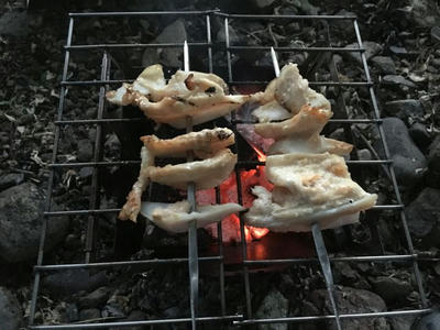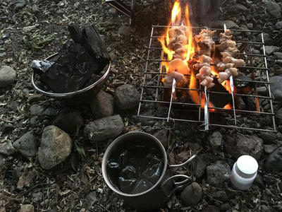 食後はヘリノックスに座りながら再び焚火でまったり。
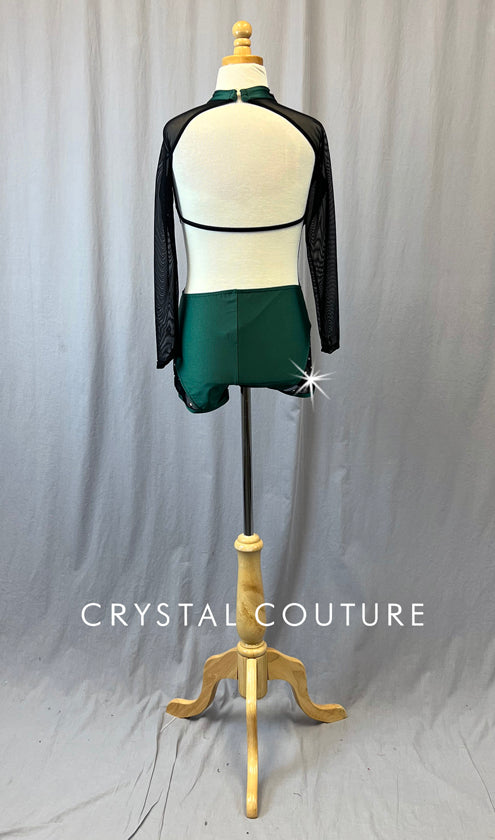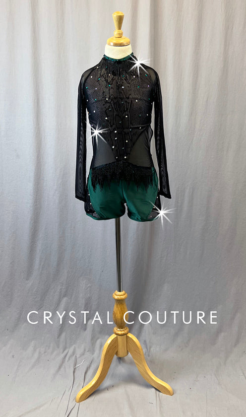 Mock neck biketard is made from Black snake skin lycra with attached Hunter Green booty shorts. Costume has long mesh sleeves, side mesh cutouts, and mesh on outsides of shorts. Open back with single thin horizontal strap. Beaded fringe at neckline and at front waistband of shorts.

==

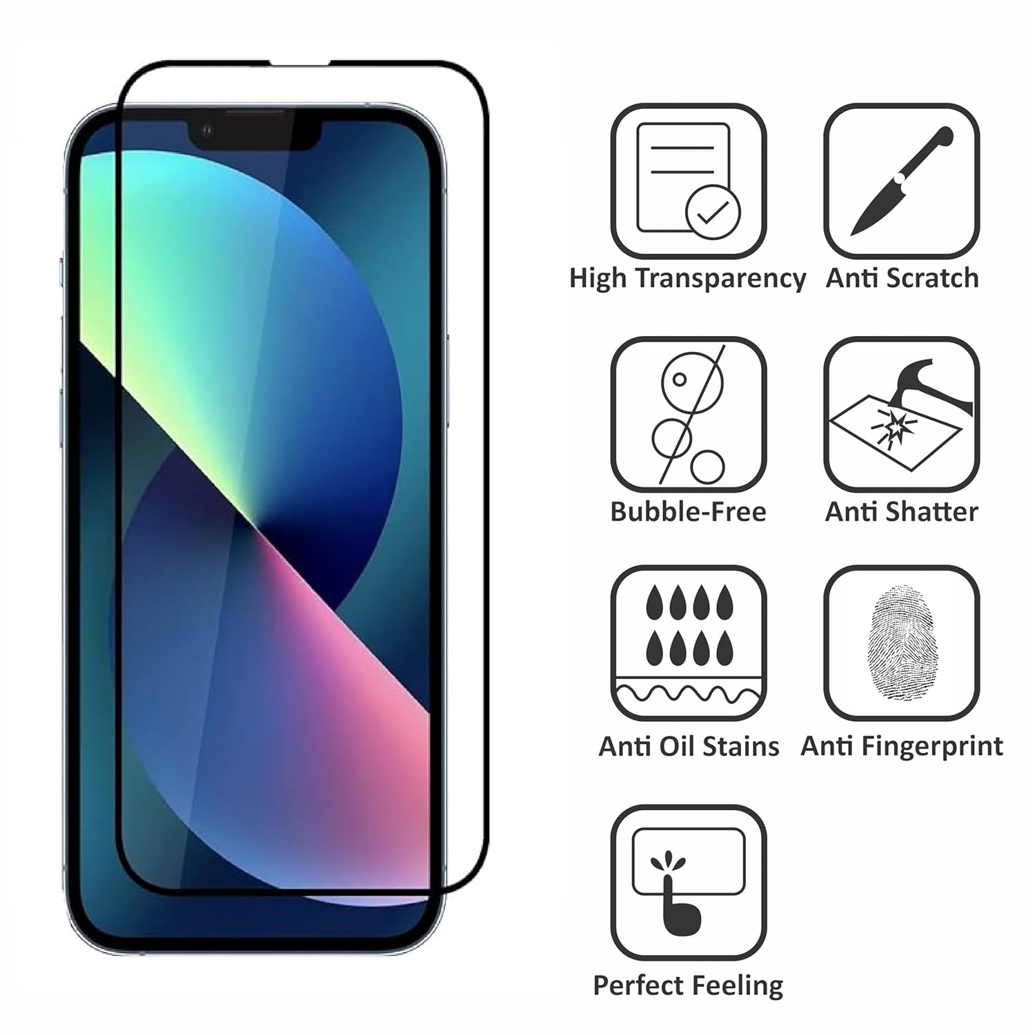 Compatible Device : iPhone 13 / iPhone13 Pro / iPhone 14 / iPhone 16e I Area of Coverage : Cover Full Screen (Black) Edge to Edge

...

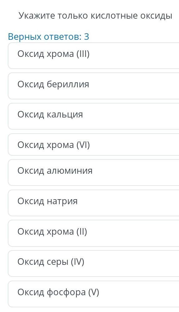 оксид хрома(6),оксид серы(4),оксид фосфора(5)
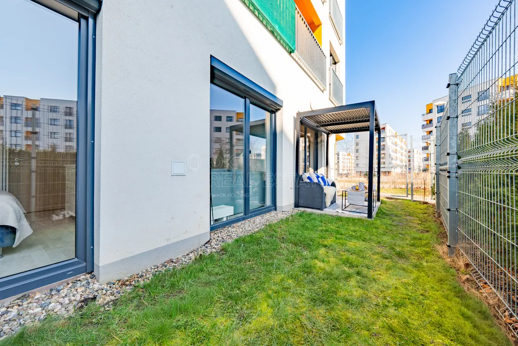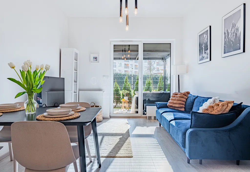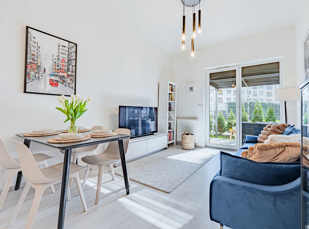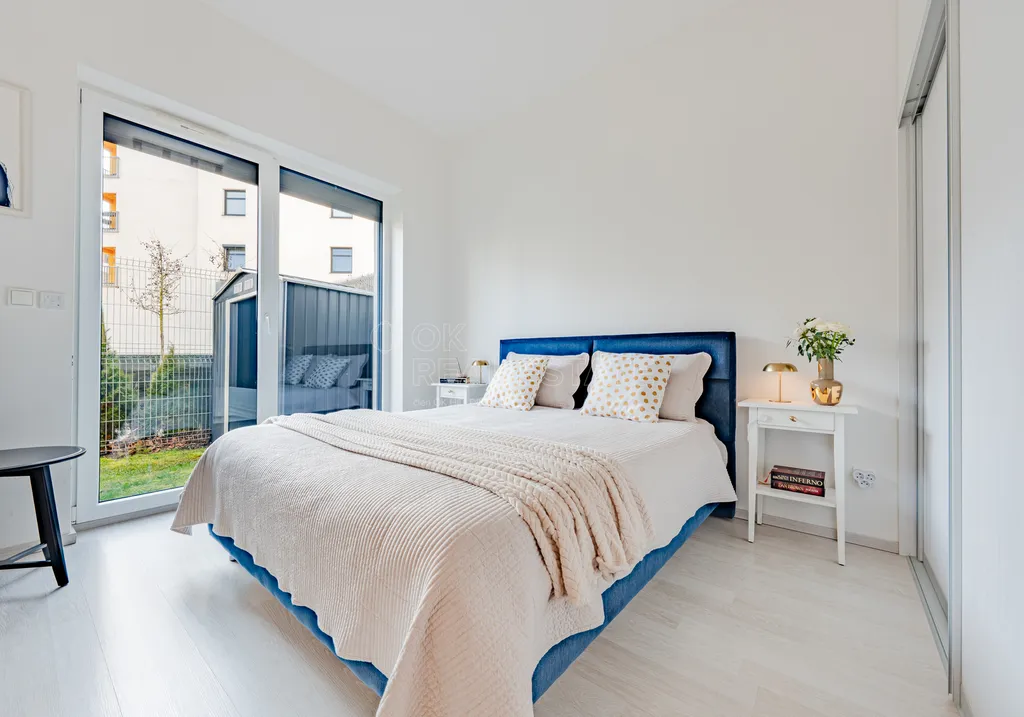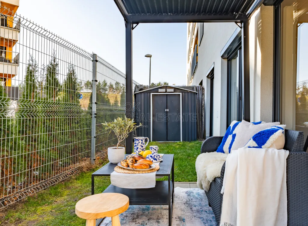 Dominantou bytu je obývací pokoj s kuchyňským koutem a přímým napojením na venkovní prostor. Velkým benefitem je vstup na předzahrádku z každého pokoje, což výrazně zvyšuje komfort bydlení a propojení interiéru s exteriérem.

» **Assignment**:
In the listing above, find the line containing "оксид хрома(6),оксид серы(4),оксид" and the line containing "Dominantou bytu je", then write out both of them and every line between, exactly, with no pictures.

» **Exercise answer**:
 оксид хрома(6),оксид серы(4),оксид фосфора(5)
 Dominantou bytu je obývací pokoj s kuchyňským koutem a přímým napojením na venkovní prostor. Velkým benefitem je vstup na předzahrádku z každého pokoje, což výrazně zvyšuje komfort bydlení a propojení interiéru s exteriérem.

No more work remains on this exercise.